Bordel, qui donc arrive à supporter ce « Train-Train… to Kill ! » ?
... Ou le boulot d’Eric, derrière le micro, sur « I Wanna Cry » ?
C'est qu'à force moi aussi j’ai envie de pleurer ! Je sais qu’il y a une grande part de « culturel » et de « générationnel » derrière ce qu’évoque ce type de chant. Mais putain, j’ai 47 piges quand même ! Je devrais donc être capable de dépasser ça. Et pourtant du sang coule depuis mes tympans...
C’est d’autant plus dommage que les deux gratteux s’en donnent à cœur joie derrière. C’est certes parfois un peu trop emberlificoté, un peu trop tortueux, voire également un peu trop court-jeune-homme. Mais à d’autres moments cela peut également s’avérer très bon. Avec en option, en plus de la touche Mekong Delta / Coroner attendue, une approche qui n’est pas sans rappeler les vieux Nocturnus et Loudblast (auxquels je pense direct’ quand débarquent pour la première fois les 6-cordes, au début de « Dreams of Light », une fois passée l’intro kitchissime…). On se prend d’ailleurs à rêver que, histoire de transformer cette prometteuse citrouille en rutilant carrosse, un Vektor ou un Xoth se penche sur ce paquet de bonnes idées, afin d’en faire de véritables missiles.

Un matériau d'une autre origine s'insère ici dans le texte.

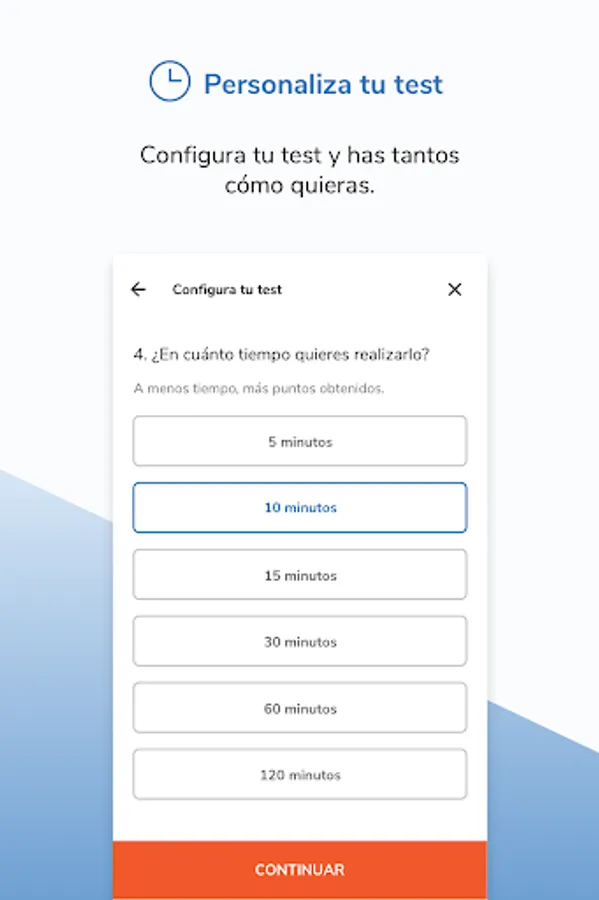 - Possibility of creating your own test (type of questions, quantity, time, etc)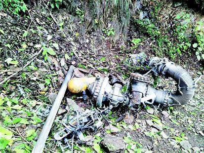 昨日下午1时许,竹山县柳林乡公祖村的村民突然听到一阵“轰隆隆……”的巨响,家里的窗户晃动得厉害,有的村民吓得跑到了屋外。后来,有村民循声寻找,在村后马鬃岭山的树林里,发现了大量疑似发动机零件的物件。

Sur Time for Anger on retrouve également d’autres influences d’époque. Un break très « old Sodom », à 0:33 sur « Train To Kill ». Beaucoup de Metallica, période Master of Puppet, sur « You Must Die ». Et l’on profite d’autant mieux de tout cela que les solos sont nombreux, et que pendant ces épisodes sans postillons nos oreilles peuvent temporairement cicatriser.
Six pistes seulement, cela semblait un poil court pour cette exhumation. Ce sont donc 4 titres démos qui ont été ajoutés en fin de tracklist. Je vous ai dit avec quel acharnement la prod’ m'a chiqué les tympans sur la première mi-temps discographique : vous imaginez donc la souffrance en queue de peloton… Mais cela a beau être particulièrement pénible, on remarque de-ci de-là que les guitaristes continuent de faire du beau boulot, « Antichrist » et « Yortsed » contenant notamment de beaux petits riffs bien fiévreux.

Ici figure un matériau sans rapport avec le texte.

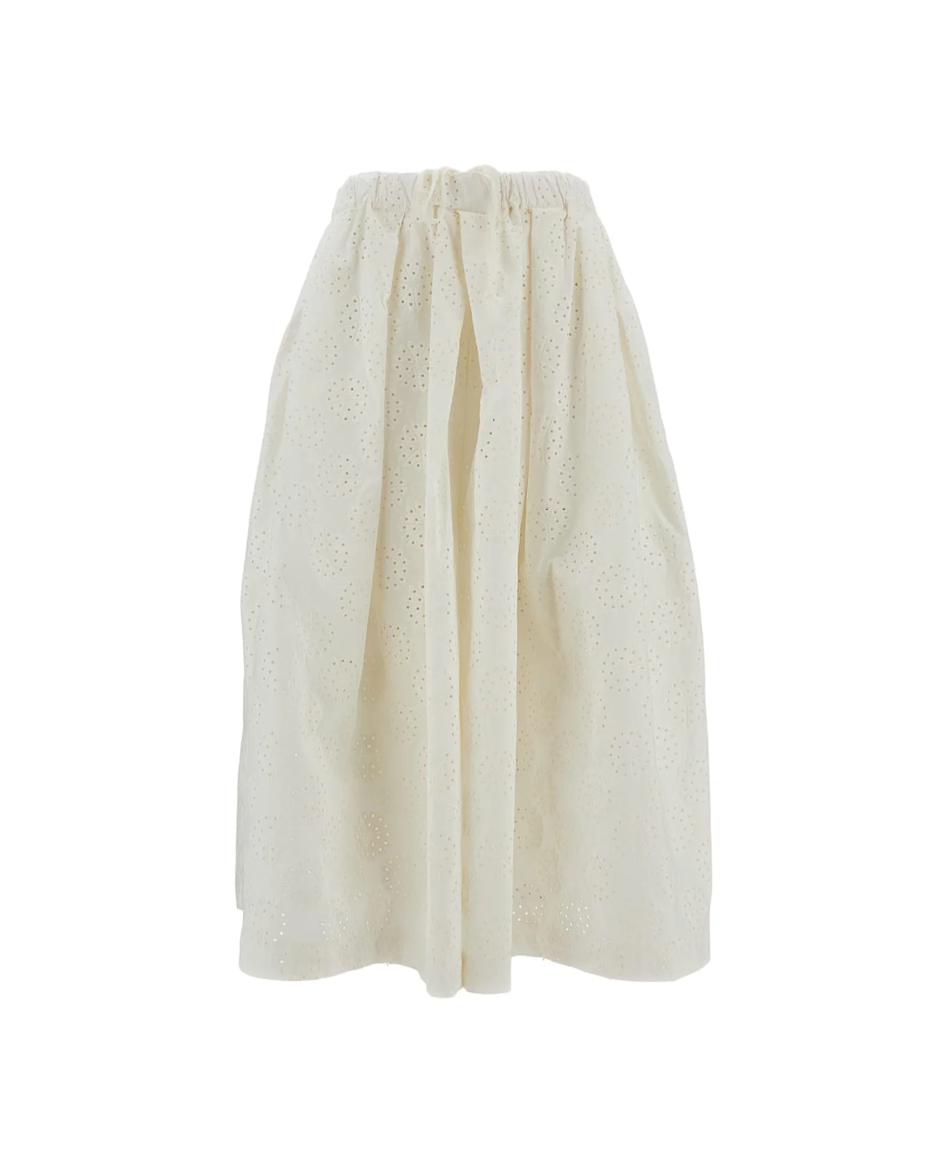Cotton fabric trouser skirt Eyelet floral pattern Elasticated waist with drawstring Wide leg Side welt pockets Ankle-length Color: white Composition: 100% Cotton Made in: Japan Color: White Model number: GQP0190511

Mais trêve de masochisme. J’ai écouté de nombreuses fois (j’insiste : nombreuses) Time for Anger. Donc non, ce n’est pas Yoris, Tik-Tokeur acnéique, qui livre ici son avis après 5 minutes d'écoute sur Youtube. D'ailleurs je reconnais volontiers que l’album offre de nombreux points d’intérêt pour l’amateur de riffs acérés et de structures alambiquées. Mais bordel, mieux vaut l’écouter après avoir bu un élixir de protection contre les mauvais esprits du passé ! Car cette relique discographique est comme le « Musée du Matériel Agricole Charentais au XIVe et XVe siècle » (qui existe sans doute à Cholet-les-Genoux ou à Combreville-sur-Pétoncle) : érudit, documenté, plein de bonnes intentions, l’édifice inspire le respect. On y entre curieux, on admire le travail méticuleusement accompli… Mais on a du mal à s’intéresser beaucoup plus de 10 minutes, entre autres à cause des odeurs mêlées de naphtaline et de poussière. Et on finit par en sortir en pressant le pas.

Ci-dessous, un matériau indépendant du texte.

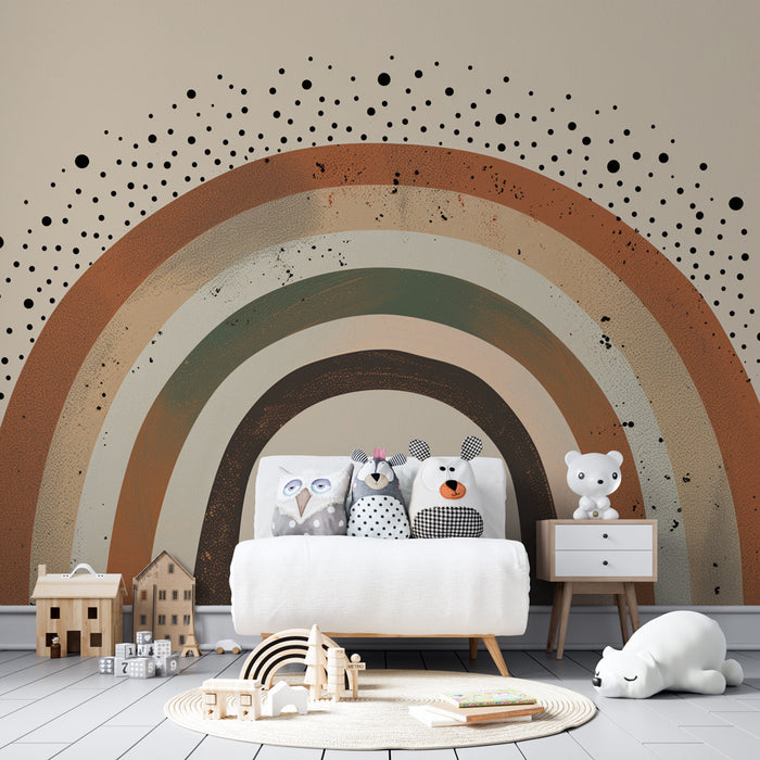 De varme og naturlige nuancer, fra terracotta til blød beige, over nuancer af salviegrøn og dyb brun, giver dette design et harmonisk og tidløst præg. De delikat teksturerede mønstre, prikket med små abstrakte punkter, bringer en subtil balance mellem modernitet og håndværksånd. Denne regnbue, med sine flydende og bløde kurver, passer perfekt ind i et børneværelse og bringer en følelse af ro og velvære.

Le soleil brille tellement plus fort, à l’extérieur…
La chronique, version courte : Yortsed aurait normalement dû sortir Time of Anger, son seul et unique album de Techno-Thrash, au début des 90s, chez Roadrunner. Mais cela n'a pas pu se faire. Heureusement, grâce au travail passionné et à la DeLorean du label Metal Exhumator, il vous est ici proposé une chance de voir ce à quoi le monde a échappé (…avertissement préalable : un certificat d’aptitude à la plongée en brocante profonde, option Champollion, vous sera demandé avant d’appuyer sur >Play).